Elisa lifted her head. Moonlight glinted off her pupils — wide, confused, and unfocused — like she wasn't used to the darkness of a real forest. Her breathing was shaky, each inhale tight like her ribs hurt. When she swept her hair out of her face, her hand trembled slightly.
Jack felt something uncomfortable twist in his stomach. Not pain… more like adrenaline mixed with way too much awe.
Great. Perfect. Exactly what he needed — to look like he was about to faint in front of a stranger.
"She… she looks like she's—our age," he whispered.
Steve squinted. "How do you know? You only saw her from the back before. Per—"
"I'm NOT—dude!" Jace hissed, face heating. "It was just—like—height and… whatever! I wasn't checking anything!"
Steve smirked like he didn't believe a word.
But then Elisa tried to stand.
Her knees buckled, and she almost fell again. The boys jumped at the exact same time — like synchronized idiots — startling even themselves.
A soft, pained noise escaped her throat. It wasn't dramatic, but it hit Jace weirdly hard. Something about it felt real.
Way too real.
The kind of real that made him forget all the jokes he was supposed to be making.
She looked up at them again, eyes clouded with dizziness.
"…Where… am I?" she whispered, her voice fragile under the moonlight.
And Jace's heartbeat did something very stupid.
It sped up.
Not because he "fell in love" — that would be ridiculous — but because he had absolutely no idea how to deal with a mysterious girl falling out of nowhere, glowing under the moon like she'd stepped out of a mythology book.
Steve leaned closer. "Bro. BRO. Say something."
Jace's brain: empty static.
His mouth: even worse.
"Uh—um—hi?" he blurted
Elisa blinked weakly, still trying to steady her breath.

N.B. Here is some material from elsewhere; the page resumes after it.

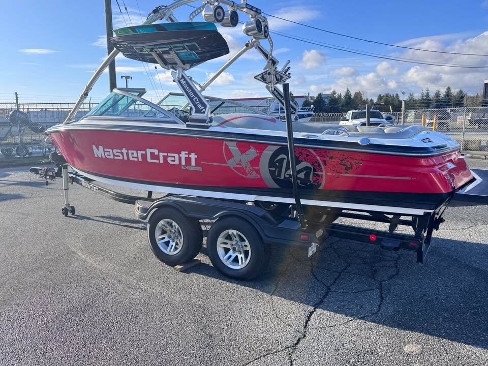 The 2010 Mastercraft X14 is a versatile watersports towboat, often featuring an IImore 5.7L (around 310-325 HP), fiberglass hull, and measuring about 21'4" long with an 8'3" beam, designed for both slalom skiing (ProStar hull) and wakeboarding with its V-drive setup and optional ballast system for large wakes. Key specs include capacity for 11 people, around 150L fuel, a wakeboard tower, and advanced features like Zero Off GPS speed control on some V-drive (X14V) models, making it great for various watersports.

Steve elbowed Jace. "Dude. Say something. Anything."
Jace swallowed. His heart hammered. His brain refused to help.
And then—
Words tumbled out of his mouth before he could stop them:
"Y-you… you look like someone the moon wrote into the world by accident…"
Silence.
Steve whipped his head toward him."Bro. What?"
Jack's eyes widened."I—I didn't mean— I don't even talk like that, I swear!"
Elisa stared at him, dazed, as if she wasn't sure she heard him correctly.
Jack covered his face with both hands."Oh my gosh, why did I say that out loud…"
The forest fell silent again after Jace's accidental poetic line — so silent that even the wind seemed embarrassed for him.
Elisa blinked slowly, as if pulling his words apart in her mind.Her voice came out soft, shaky, almost unsure:
"…Moon… wrote?"
Jack wanted to evaporate.
Steve slapped a hand over his own face. "Bro, she's confused, not at a poetry slam."
Jack groaned into his palms. "Please. Please let me disappear."
But before either boy could embarrass themselves further, Elisa suddenly tensed.Her head jerked toward the trees, eyes narrowing as if she sensed something they couldn't.
The air shifted.
A cold breeze cut through the silence, rustling the leaves in a sharp, uneasy whisper.
Jace felt the hair on his arms rise."Steve… tell me you felt that."
"I felt NOTHING and I'm already scared," Steve whispered back.
Elisa pushed herself to her feet, still shaky… but alert now.Her gaze drifted past them into the forest, expression tightening with dread.
Her whisper was barely audible:
"…They found me."
Jack froze.
"W-wait—who? What does that mean—?"
But she didn't answer.
The trees creaked. The shadows deepened. Something moved far beyond the headlights.